Fuel costs for gasoline, diesel, and Liquefied Petroleum Gas (LPG) are expected to increase by 7% to 13%, according to IES.

Therefore, gasoline will cost around Ghc15 per liter, while diesel would cost more than Ghc17 per liter.

The steep devaluation of the cedi over the past two weeks and the rising international gasoline costs as shown on the worldwide S&P Platts platform, according to the IES, are to blame for the increase in local fuel prices.

The energy think group observed that despite the government receiving about 41,000 metric tons of diesel under its “Gold for Oil” program, fuel costs will rise.

“On the basis of the rising international fuel prices as observed on the global S&P platform, linked with the local currency’s value decline against the greenback, the Institute for Energy Security (IES) estimates a 7 per cent to 13 per cent jump in the prices of Gasoline [petrol], Gasoil [diesel], and LPG over the next two weeks ending February 14, 2023”.

“The rise in domestic fuel prices would be occasioned in spite of government’s receipt of approximately 41,000 metric tonne of Gasoil under its “Gold for Oil” programme, and that consumers must be prepared to buy for instance, a litre of Gasoline [petrol] for roughly ¢15 in the coming days”, it stated in a statement on an Accra FM Station monitored by the Ghanatodayonline.com.

On the global market, the benchmark price of Brent crude oil jumped from its previous average of $81.72 per barrel to around $86.14 per barrel.
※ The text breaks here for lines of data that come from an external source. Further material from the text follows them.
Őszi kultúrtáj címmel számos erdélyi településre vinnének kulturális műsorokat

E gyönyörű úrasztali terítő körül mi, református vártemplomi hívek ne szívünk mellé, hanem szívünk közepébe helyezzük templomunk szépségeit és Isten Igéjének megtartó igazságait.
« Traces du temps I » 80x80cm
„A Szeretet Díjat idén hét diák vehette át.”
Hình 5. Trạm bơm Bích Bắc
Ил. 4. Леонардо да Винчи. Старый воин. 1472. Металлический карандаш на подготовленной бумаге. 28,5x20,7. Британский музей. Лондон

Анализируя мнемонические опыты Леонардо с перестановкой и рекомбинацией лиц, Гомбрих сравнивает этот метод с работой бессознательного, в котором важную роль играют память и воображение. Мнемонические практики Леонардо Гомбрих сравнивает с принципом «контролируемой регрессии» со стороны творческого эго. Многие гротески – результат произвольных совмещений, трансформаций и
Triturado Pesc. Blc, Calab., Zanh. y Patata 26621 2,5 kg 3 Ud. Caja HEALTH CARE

This indicated an increase in average price over the previous two weeks of 5.41%.

Brent crude oil price fell on Friday, January 26, 2023, after starting off steadily rising to close on January 23 at $88.16 a barrel, giving the commodity a weekly finish of flat to down.
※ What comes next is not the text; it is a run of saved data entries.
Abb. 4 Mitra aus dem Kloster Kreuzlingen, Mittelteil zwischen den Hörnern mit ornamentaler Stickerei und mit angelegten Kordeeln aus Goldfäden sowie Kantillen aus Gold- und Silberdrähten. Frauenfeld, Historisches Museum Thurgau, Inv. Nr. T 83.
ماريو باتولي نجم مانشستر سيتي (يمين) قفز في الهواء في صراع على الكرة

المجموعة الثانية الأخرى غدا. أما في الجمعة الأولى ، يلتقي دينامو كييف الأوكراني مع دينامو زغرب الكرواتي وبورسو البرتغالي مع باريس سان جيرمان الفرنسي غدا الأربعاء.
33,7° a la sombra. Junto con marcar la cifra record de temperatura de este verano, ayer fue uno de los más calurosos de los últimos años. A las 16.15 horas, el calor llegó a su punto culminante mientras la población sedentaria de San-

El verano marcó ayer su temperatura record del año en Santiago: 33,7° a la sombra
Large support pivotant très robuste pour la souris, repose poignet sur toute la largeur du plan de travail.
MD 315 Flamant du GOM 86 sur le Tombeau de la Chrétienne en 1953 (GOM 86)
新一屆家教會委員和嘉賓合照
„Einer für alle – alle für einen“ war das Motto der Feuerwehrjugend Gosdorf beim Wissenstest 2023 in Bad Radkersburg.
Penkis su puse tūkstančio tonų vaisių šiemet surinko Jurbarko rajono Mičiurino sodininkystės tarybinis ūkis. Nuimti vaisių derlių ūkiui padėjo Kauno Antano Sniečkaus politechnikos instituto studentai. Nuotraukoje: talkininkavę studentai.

After ending the previous day’s trading at $87.28 a barrel and rising from the year’s low of $72.50, Brent completed Friday’s trading at $86.66.
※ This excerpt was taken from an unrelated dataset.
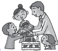
絵本をプレゼント!

テレビ・DVDなどの映像メディアと親の語りかけには違いがあります。テレビなどは子どもの興味・関心に関係なく一方的にうつされますが、読み聞かせはその子のペースで見たり、会話をしたりしながら読み進めることができます。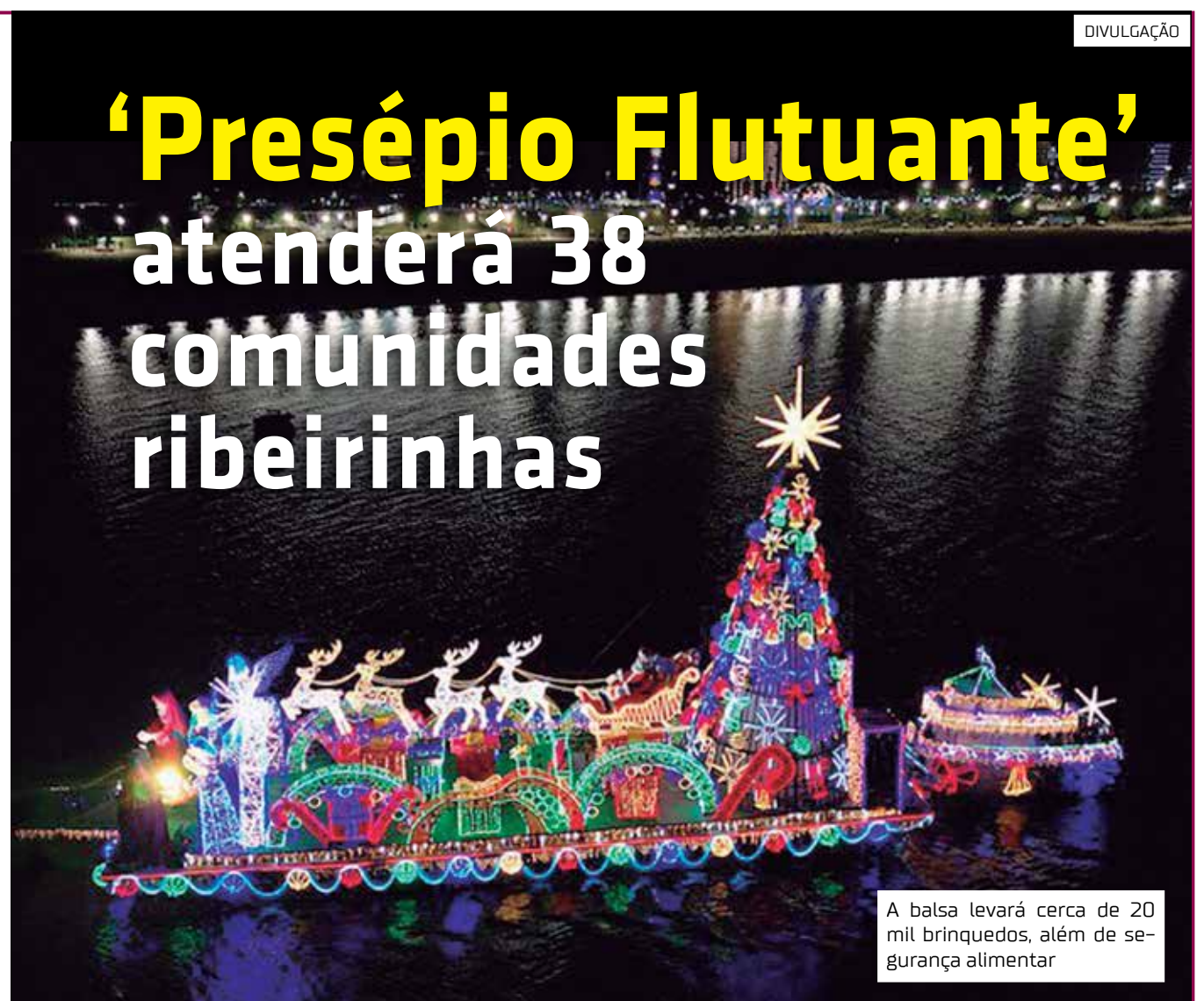
A balsa levará cerca de 20 mil brinquedos, além de segurança alimentar

On the domestic market, petroleum products received price rises during the second pricing window for January 2023.

For gasoline and diesel, prices rose by around 9% and 6.67%, respectively.

Diesel prices rose from Ghc14.40 to Ghc15.36 per litre, while gasoline jumped to Ghc13.58 from Ghc12.54.

The price of LPG was estimated to be 12.69 per kilogramme on a nationwide level.